By Jorge Casuso
December 12, 2025 -- The City fund that helps subsidize affordable housing construction in Santa Monica ended the fiscal year with some $14.5 million, enough to subsidize 122 affordable units on City-owned sites.
The City's Housing Trust Fund (HTF) is stretched even thinner when the housing is built on private land, with the fund supporting only 53 homes, according to a staff report on Tuesday's City Council agenda.
The data, which is required to be released under State law, offers a look at how stretched the HTF fund is after being tapped to help keep the cash-strapped City in the black.
A red flag was raised during a special meeting in March focused on balancing the City's budget. Councilmembers Dan Hall and Jesse Zwick pushed for selling City properties as a "last resort" to pump money into the housing fund, which has been used to help pay $230 million in sex abuse settlements.
The publicly owned land includes the former site of Parking Structure 3 Downtown, where the Council approved a 122-unit apartment building for the homeless in April 2024 that is estimated to cost more than $1 million per unit.
The City is also seeking proposals for a prime site in the heart of Downtown at 4th and 5th streets and Arizona Avenue to "provide a minimum of 362 affordable residences" or, if not financially feasible, consider "alternative scenarios to maximize the number of affordable apartments."
The 2.57-acre site is one of three City-owned sites -- which also include Downtown Parking Structure 1 and The Bergamot Station Arts Center -- the Council designed in February as "surplus land" to pave the way for a total of 1,880 affordable units.
"The use of City-owned land for affordable housing provides multiple benefits including maximizing the value of the HTF as most of the (funds) loaned to affordable housing organizations are used to acquire land," staff wrote.
"By contributing land it already owns, the direct cost of acquiring land is eliminated and the City can stretch its HTF’s further to increase the supply of affordable housing."
The monies in the HTF could be needed for affordable housing pre-development costs and/or closing the construction gap for affordable housing developments on City-owned sites, staff wrote.
Based on the six most recent affordable housing developments the City has funded, the average subsidy for those costs was $119,072 per affordable unit, while an average City subsidy for land acquisition was $155,198 per unit.
"Total average City subsidy, including pre-development, construction gap, and land acquisition costs, was $274,270 per affordable residence," staff wrote.
But the City subsidies can be much higher.
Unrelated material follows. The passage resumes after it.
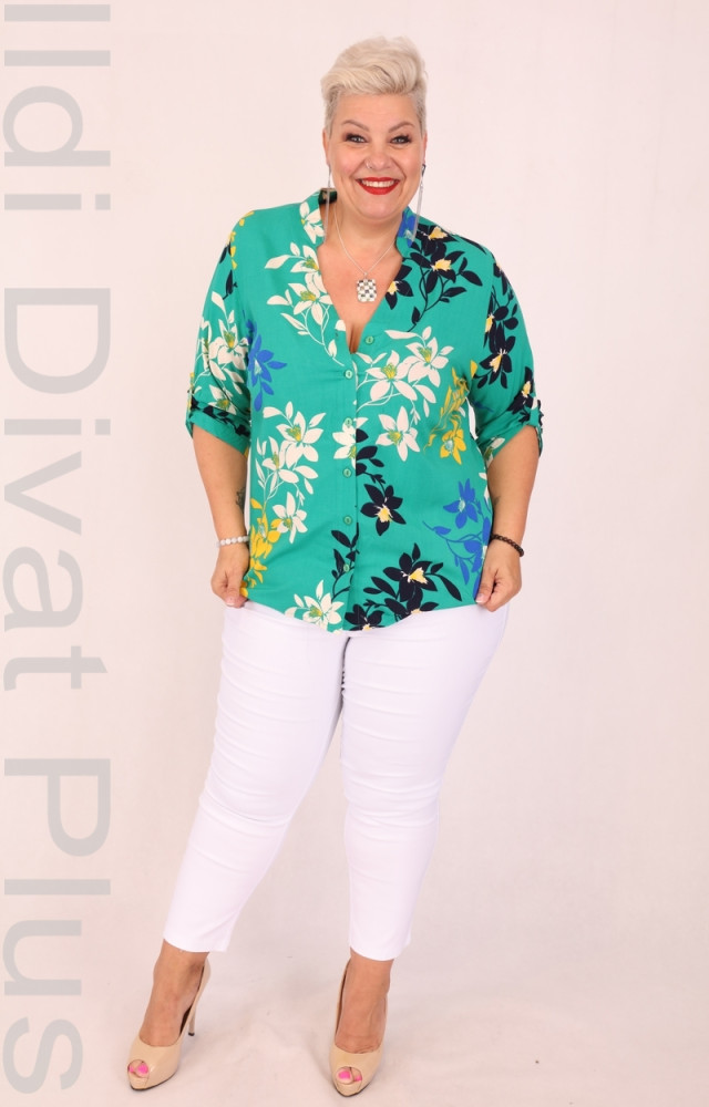 Eseoglu zöld alapon virágmintás, gombos, lezser fazonú ing.

The City Council in August approved a $19,616,330 loan from the housing fund to Community Corporation to rehab a 76-year-old courtyard building in the Pico Neighborhood with 40 rent control units.
The amount the fund subsidized -- which included an earlier $15,183,670 HTF loan to buy and prepare to rehab the privately owned building -- was $802,875 per unit.
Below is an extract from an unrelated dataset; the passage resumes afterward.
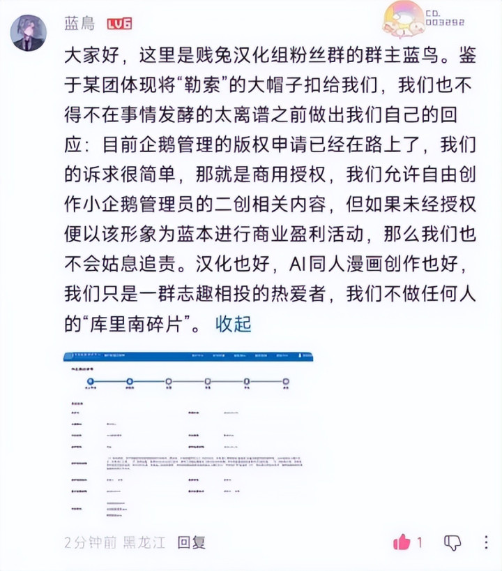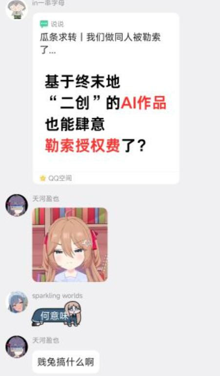 可没料想这种二创玩的东西,目下尽然发展成了版权争议事件,我在QQ群里刷到有东说念主乞助,说我方作念的最后地“二创”的AI作品被威迫授权费了。

Community Corp, as is the case with all housing trust subsidies, is not expected to pay the full amount of the loan but said it is seeking other funding to lower the City's cost, according to a staff report for the August 12 Council meeting.
To ensure monies in the Housing Fund are spent in accordance with State law, an independent financial audit of the Fund must be conducted annually within six months of the end of the fiscal year on June 30, according to City staff.